## The problem
Starting at the line that contains "Mahatma Gandhi News:युवक" and stopping at the line that contains "O διεθνής Έλληνας", restate each line of the records below exactly. Omit the pictures.

## Supplied data
# # #

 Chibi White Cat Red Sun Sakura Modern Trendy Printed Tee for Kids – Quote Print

# # #

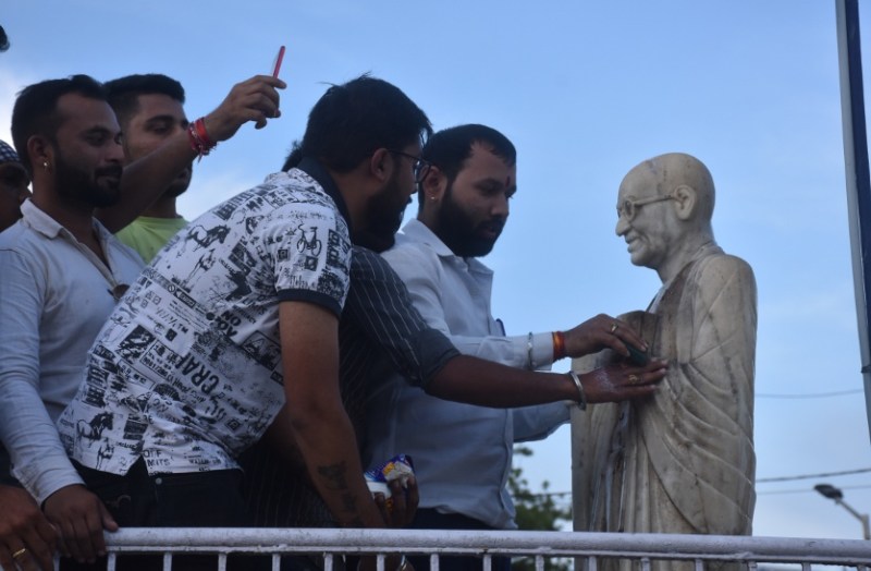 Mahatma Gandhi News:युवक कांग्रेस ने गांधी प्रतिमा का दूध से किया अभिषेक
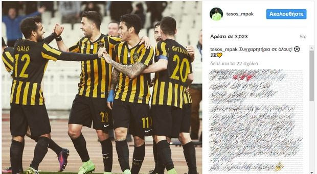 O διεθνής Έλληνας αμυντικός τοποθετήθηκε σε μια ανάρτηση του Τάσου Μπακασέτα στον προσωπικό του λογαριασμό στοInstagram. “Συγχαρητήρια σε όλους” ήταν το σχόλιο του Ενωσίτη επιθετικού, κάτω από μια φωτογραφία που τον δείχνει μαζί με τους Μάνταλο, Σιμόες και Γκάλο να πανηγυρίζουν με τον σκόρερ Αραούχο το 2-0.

# # #

## Problem solution
 Mahatma Gandhi News:युवक कांग्रेस ने गांधी प्रतिमा का दूध से किया अभिषेक
 O διεθνής Έλληνας αμυντικός τοποθετήθηκε σε μια ανάρτηση του Τάσου Μπακασέτα στον προσωπικό του λογαριασμό στοInstagram. “Συγχαρητήρια σε όλους” ήταν το σχόλιο του Ενωσίτη επιθετικού, κάτω από μια φωτογραφία που τον δείχνει μαζί με τους Μάνταλο, Σιμόες και Γκάλο να πανηγυρίζουν με τον σκόρερ Αραούχο το 2-0.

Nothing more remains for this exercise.